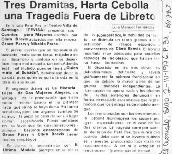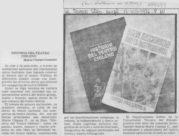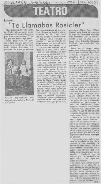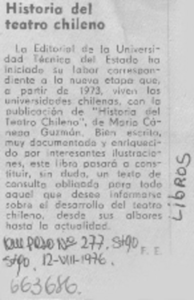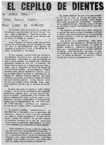 Un vistazo al medio teatral : [comentario] [artículo] Yolanda Montecinos.
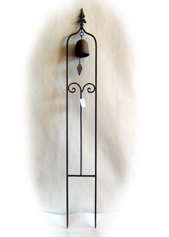 ベルのついたユニークな形の細長いトレリス。風になびいてベルが鳴ります。 アイアンの優雅な曲線が植物の美しさを引き立てます。鉢土や地面に差し込んでご利用ください。
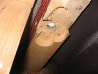 to me.I hate when this happens! Sometimes, one just gets the angle of the nail gun wrong, or perhaps the nail found a hard spot that forced it off its desired course. Sigh. |
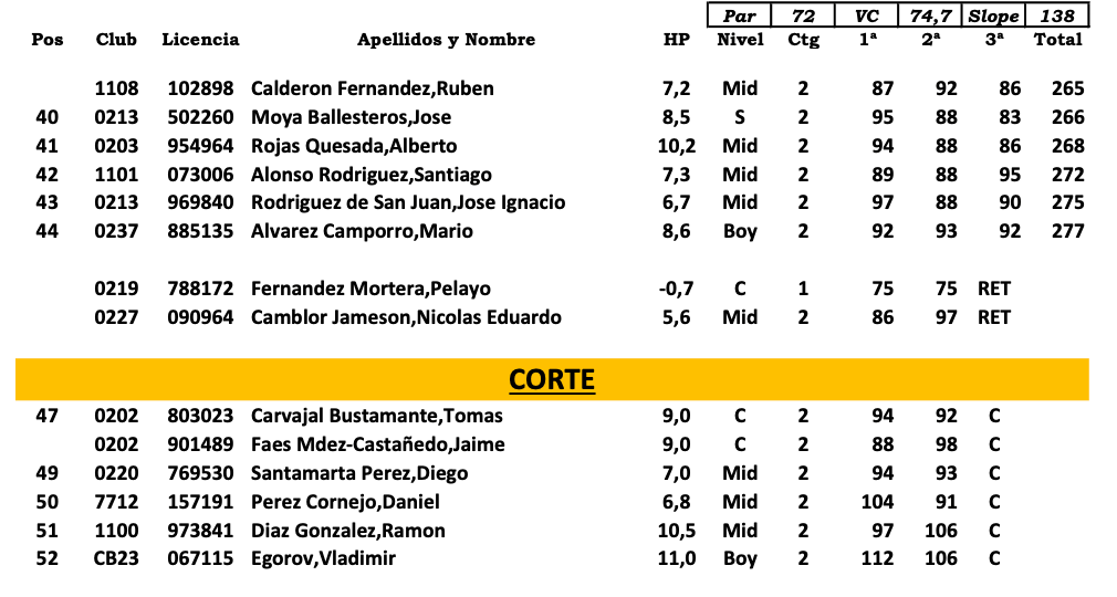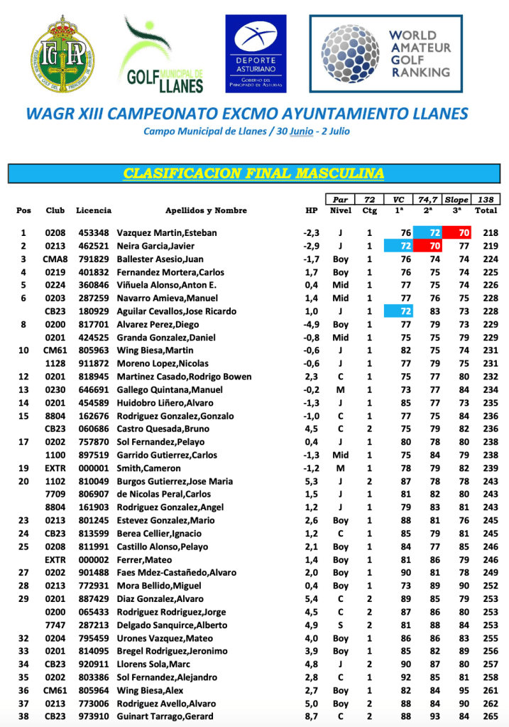 Cuarto fue Carlos Fdez. Mortera, con parciales de 76, 75 y 74, Antón Viñuela finaliza quinto, sexto puesto para Manuel Navarro y Jose Ricardo Aguilar, en octavo lugar, los asturianos Diego Alvarez y Daniel Granda, completa en Top Ten Martin Wing y Nicolas Moreno
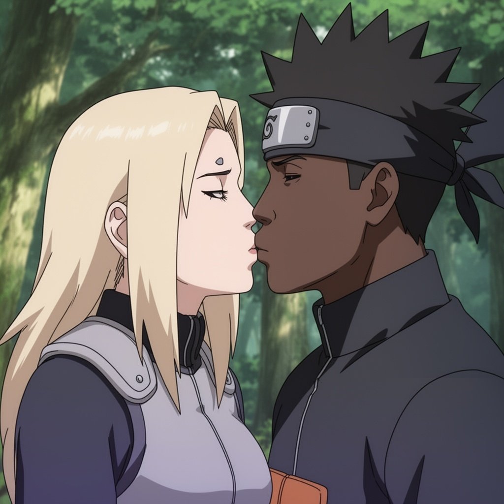 Tsunade and a black man are having kiss
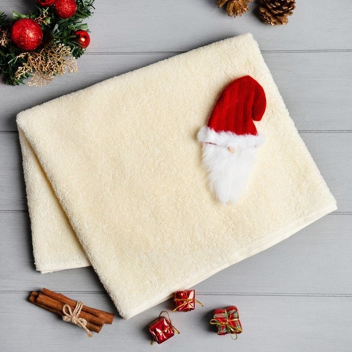 Подарочное полотенце с игрушкой Этель «Дед Мороз» 50*90 см, цв.молочный, 100% хл, 320г/м2
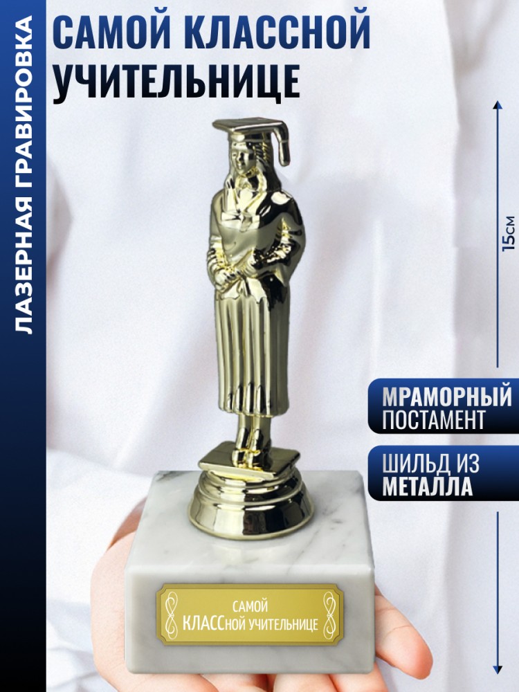 Фигурка символизирует стремление к знаниям, развитие и признание достижений в педагогике или учебной среде. Подходит для оформления образовательных пространств и коллекций памятных наград.
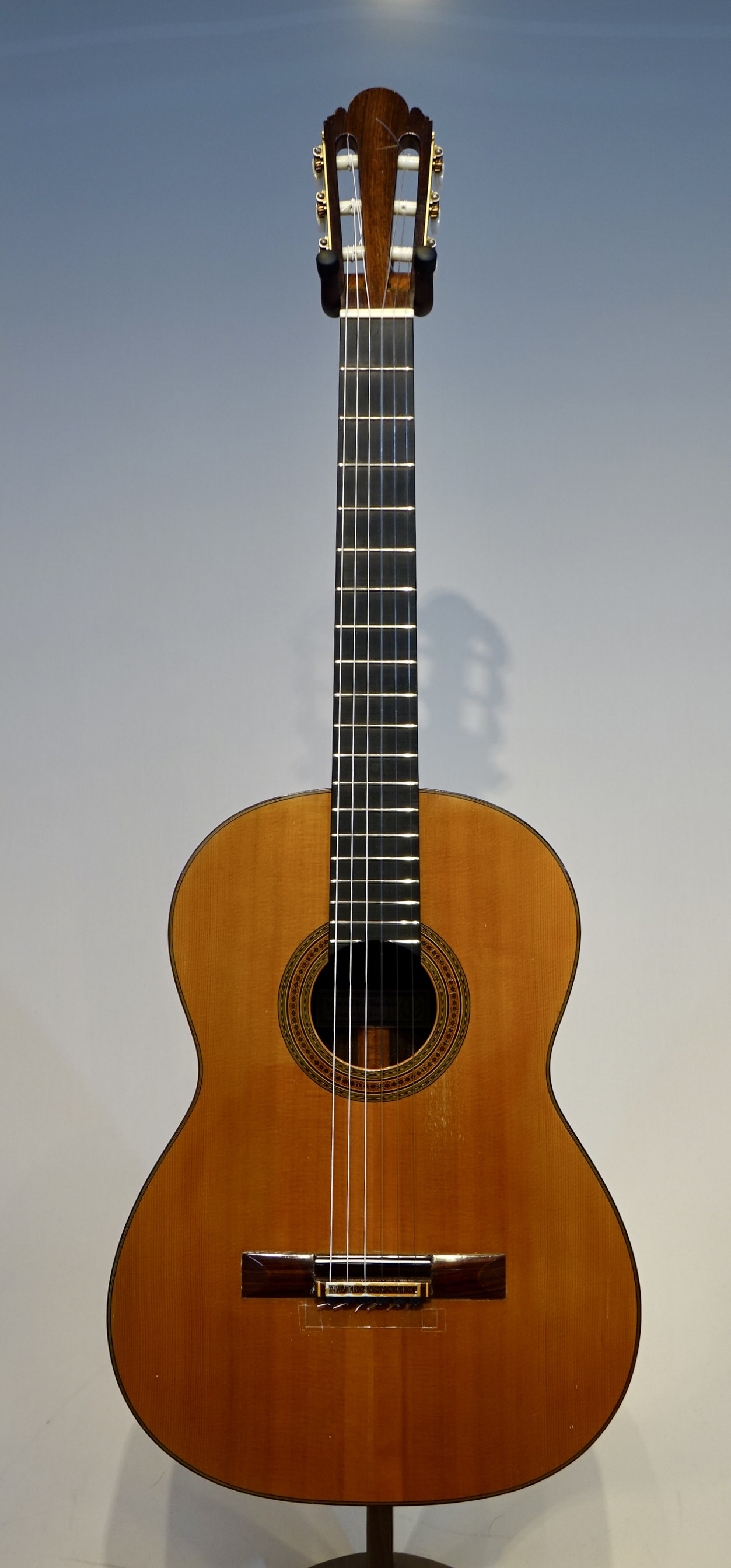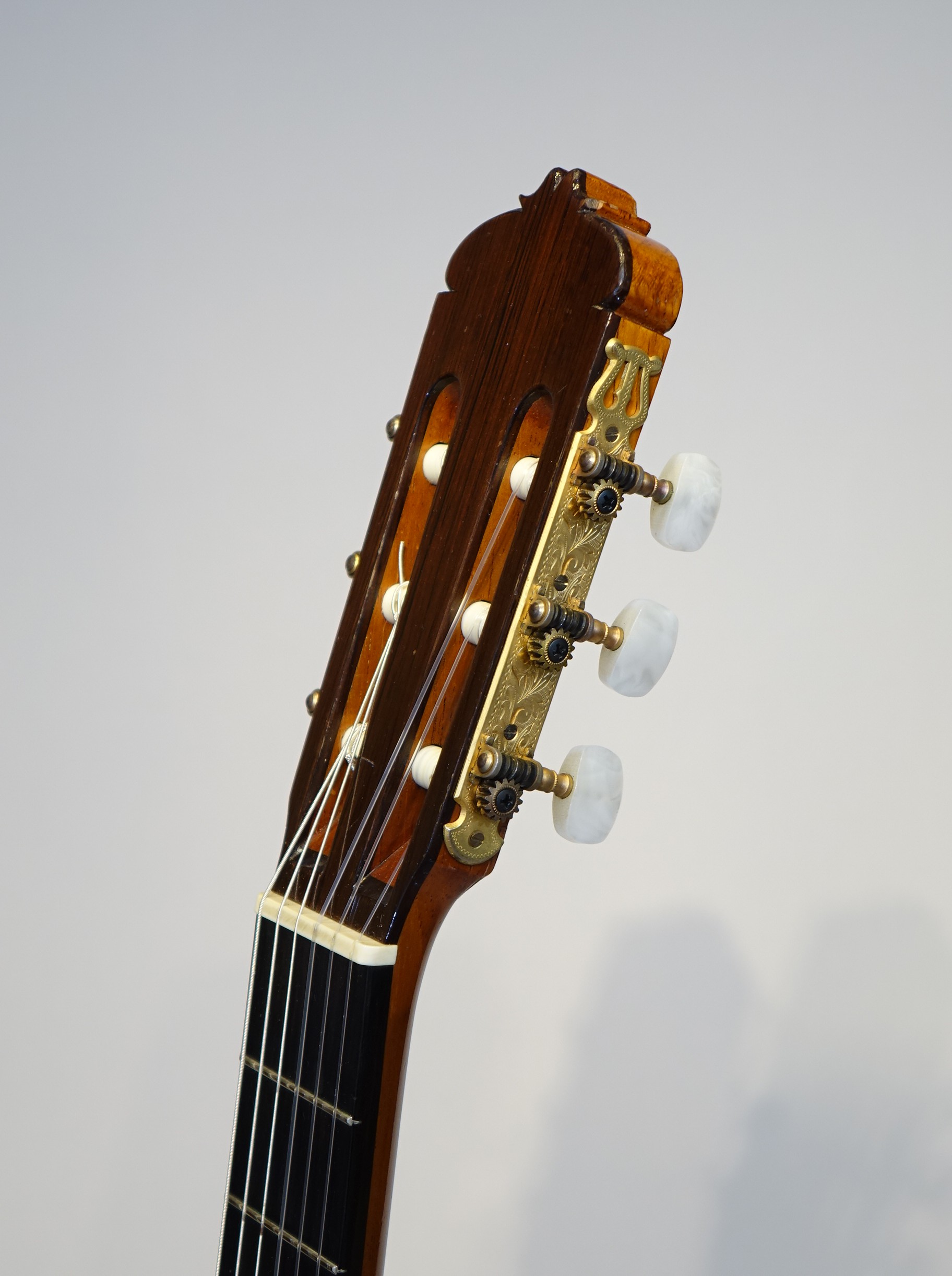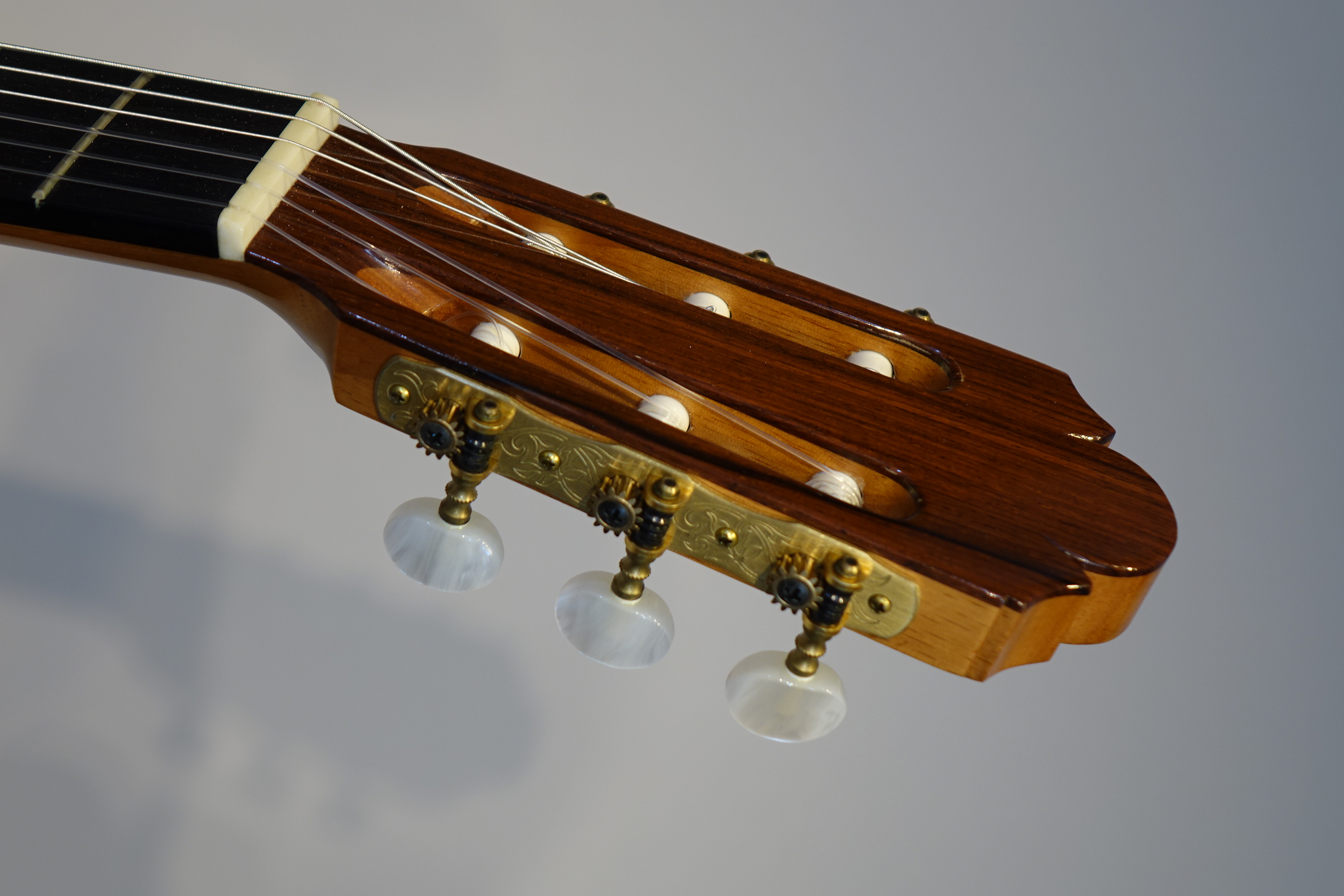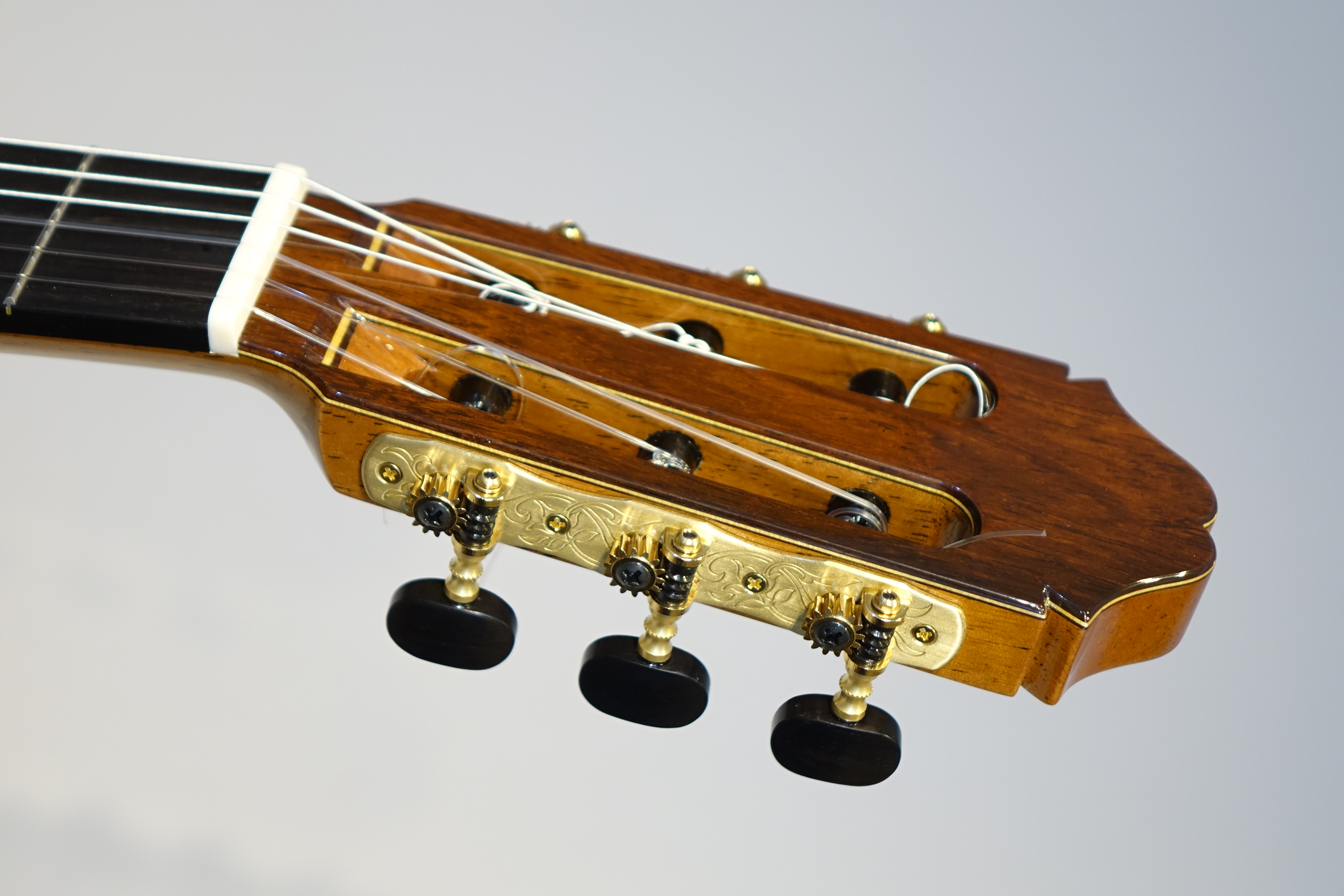 1977年にブーシェに出会い、その後ブーシェモデルの製作を始めたと言われていますので、このギターはブーシェのに強く影響を受ける前の楽器だと思われます。低音は粘り、伸びがあり、貫禄ある音色ですが、高音はカラっと気持ちよく鳴ってくれます。ペグはフステロです。
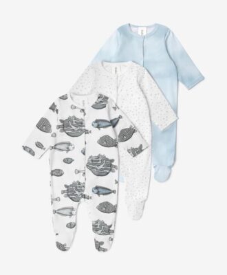 Свобода с первых дней жизни! Комплект из 3-х комбинезонов-слипов с закрытыми ножками — достойная замена распашонкам и пелёнкам, позволяющая малышу быть активным и с интересом познавать окружающий мир. Комбинезоны выполнены из мягкого хлопкового мерсеризированного трикотажа, обеспечивающего максимальный комфорт, уют и безопасную эксплуатацию. Оригинальные рисунки делают эмоциональный контакт с изделиями очень приятным. Слипы застёгиваются на кнопки. В оформлении моделей использованы фирменные жаккардовые нашивки.
--*--
WORK INSTRUCTION: Quote the full listing above word for word; exclude every picture from the copy.

ANSWER FOR THIS EXERCISE:
 Un vistazo al medio teatral : [comentario] [artículo] Yolanda Montecinos.
 ベルのついたユニークな形の細長いトレリス。風になびいてベルが鳴ります。 アイアンの優雅な曲線が植物の美しさを引き立てます。鉢土や地面に差し込んでご利用ください。
 to me.I hate when this happens! Sometimes, one just gets the angle of the nail gun wrong, or perhaps the nail found a hard spot that forced it off its desired course. Sigh. |
 Cuarto fue Carlos Fdez. Mortera, con parciales de 76, 75 y 74, Antón Viñuela finaliza quinto, sexto puesto para Manuel Navarro y Jose Ricardo Aguilar, en octavo lugar, los asturianos Diego Alvarez y Daniel Granda, completa en Top Ten Martin Wing y Nicolas Moreno
 Tsunade and a black man are having kiss
 Подарочное полотенце с игрушкой Этель «Дед Мороз» 50*90 см, цв.молочный, 100% хл, 320г/м2
 Фигурка символизирует стремление к знаниям, развитие и признание достижений в педагогике или учебной среде. Подходит для оформления образовательных пространств и коллекций памятных наград.
 1977年にブーシェに出会い、その後ブーシェモデルの製作を始めたと言われていますので、このギターはブーシェのに強く影響を受ける前の楽器だと思われます。低音は粘り、伸びがあり、貫禄ある音色ですが、高音はカラっと気持ちよく鳴ってくれます。ペグはフステロです。
 Свобода с первых дней жизни! Комплект из 3-х комбинезонов-слипов с закрытыми ножками — достойная замена распашонкам и пелёнкам, позволяющая малышу быть активным и с интересом познавать окружающий мир. Комбинезоны выполнены из мягкого хлопкового мерсеризированного трикотажа, обеспечивающего максимальный комфорт, уют и безопасную эксплуатацию. Оригинальные рисунки делают эмоциональный контакт с изделиями очень приятным. Слипы застёгиваются на кнопки. В оформлении моделей использованы фирменные жаккардовые нашивки.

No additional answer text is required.